Fresh Homemade Pasta

If you really want to wow dinner guests, serve your favorite Italian dish with fresh homemade pasta. For the most part, the different names and shapes of pasta that you see at the store are all made from the same basic recipe which is simply flour and eggs. Sometimes you can add a little olive oil to help with elasticity of the dough or add to the water as you cook.

Ingredients (per serving)

  • 1 egg
  • 100 g flour – bread or all purpose
  • semolina flour – for dusting dough

This ratio is a rule of thumb for helping you scale your sauce recipes. Once you make the pasta, you can cut and/or shape it into any noodle you want, such as spaghetti, linguini, tagliolini, lasagna, etc.
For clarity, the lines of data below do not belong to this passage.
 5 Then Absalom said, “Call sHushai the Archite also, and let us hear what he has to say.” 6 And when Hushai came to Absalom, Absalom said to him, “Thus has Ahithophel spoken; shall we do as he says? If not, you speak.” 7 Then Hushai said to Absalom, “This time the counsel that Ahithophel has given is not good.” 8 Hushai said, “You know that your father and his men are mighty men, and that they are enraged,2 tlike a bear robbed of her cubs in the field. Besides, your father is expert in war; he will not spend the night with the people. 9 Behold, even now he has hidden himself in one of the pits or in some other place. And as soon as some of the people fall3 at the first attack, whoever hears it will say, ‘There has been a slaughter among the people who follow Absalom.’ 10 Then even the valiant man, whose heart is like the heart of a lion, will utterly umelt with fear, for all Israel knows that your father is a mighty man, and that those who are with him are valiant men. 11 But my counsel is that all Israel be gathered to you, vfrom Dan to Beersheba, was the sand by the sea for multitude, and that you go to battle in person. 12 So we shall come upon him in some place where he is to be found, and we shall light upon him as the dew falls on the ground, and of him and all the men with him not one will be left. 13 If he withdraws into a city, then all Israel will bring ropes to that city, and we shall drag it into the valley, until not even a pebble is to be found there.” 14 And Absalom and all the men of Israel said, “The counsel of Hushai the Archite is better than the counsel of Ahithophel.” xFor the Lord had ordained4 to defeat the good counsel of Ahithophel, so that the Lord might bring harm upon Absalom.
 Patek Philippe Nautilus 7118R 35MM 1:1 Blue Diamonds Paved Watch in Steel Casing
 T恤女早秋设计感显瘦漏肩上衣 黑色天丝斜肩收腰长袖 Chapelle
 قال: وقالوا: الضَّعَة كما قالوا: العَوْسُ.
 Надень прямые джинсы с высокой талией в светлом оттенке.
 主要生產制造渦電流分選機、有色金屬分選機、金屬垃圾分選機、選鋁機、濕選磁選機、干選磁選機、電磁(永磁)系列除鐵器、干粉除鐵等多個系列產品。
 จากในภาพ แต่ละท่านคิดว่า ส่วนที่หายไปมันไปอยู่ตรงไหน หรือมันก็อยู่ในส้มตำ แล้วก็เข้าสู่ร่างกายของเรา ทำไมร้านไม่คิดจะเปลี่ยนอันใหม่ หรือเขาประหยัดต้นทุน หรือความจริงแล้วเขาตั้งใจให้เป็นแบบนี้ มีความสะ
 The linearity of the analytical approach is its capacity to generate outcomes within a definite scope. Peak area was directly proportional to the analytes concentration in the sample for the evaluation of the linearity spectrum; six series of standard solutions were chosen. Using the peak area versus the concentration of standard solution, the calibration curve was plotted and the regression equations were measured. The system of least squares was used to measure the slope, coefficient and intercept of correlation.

Process – both old school and with a mixer

  1. Mix pasta dough:
    1. The old school way to make pasta is first measure out the flour you want to use onto the counter, and create a hole in the center where you crack open an egg for each 100 grams of flour you used. Then you use a fork to mix the eggs and slowly work flour into the eggs. From there you knead by hand until you a smooth elastic dough is formed.
    2. A more convenient way resulting in a faster better kneaded dough is to use a mixer with a bread hook attachment: Add the flour and then the eggs, and mix on speed 1 for 3 mins.. Increase the speed to #4 to knead the dough for 5 mins.
    3. Once kneaded, wrap dough in film and let rest for 30 mins. This helps the gluten relax and be more pliable for what comes next.
    4. If you have pasta machine:
      1. Divide the dough into sections and work through the pasta roller starting on the most open setting. In a series of five passes, run the dough through the press, fold twice to shorten the length to 1/3rd what it was and run through the press again. If dough starts to stick, dust with semolina flour.
      2. On the 5th cycle, start to close the press opening in stages, closing on setting each pass. Depending on the pasta you intend to make, work down to the thinness you want. For example, if you are making tagliolini pasta for cacio e pepe, you want the dough to be thin enough to see your hand shape when holding the dough from below (2nd smallest setting on the roller).
      3. Make the pasta: If you are making lasagna noodles you are done and just need to cut the dough to the length of your pan.
        1. If you are making noodles, dust dough and replace roller with noodle attachment and cut the dough into long noodles. When that is done, cut to noodles to length.
    5. If rolling dough by hand
      1. Divide dough into smaller sections and roll out each section into long thing rectangles.
      2. Fold each rectangle twice, shortening the length by a third.
      3. Roll dough out again.
      4. Repeat steps 2 and 3 four more times.
      5. Cut dough into noodle ribbons. Dust each flat rectangle and stack three high. Gently fold down the length twice to make a narrow width then cut the dough into ribbons the width you want your noodles to be.
    6. Cook Pasta Noodles: In a pot of salted boiling water, with perhaps some olive oil, cook the pasta ~4 mins. Do not rinse, you want the pasta sticky so your sauce will stick.
    7. If not cooking immediately: store in fridge for up to a few hours. To help keep the noodles from sticking, toss in semolina flour and make a series of circular piles on a tray each consisting of approximately a serving size. When you drop these nests into the boiling water when you are ready to cook, they will untangle and the flour coating will boil off.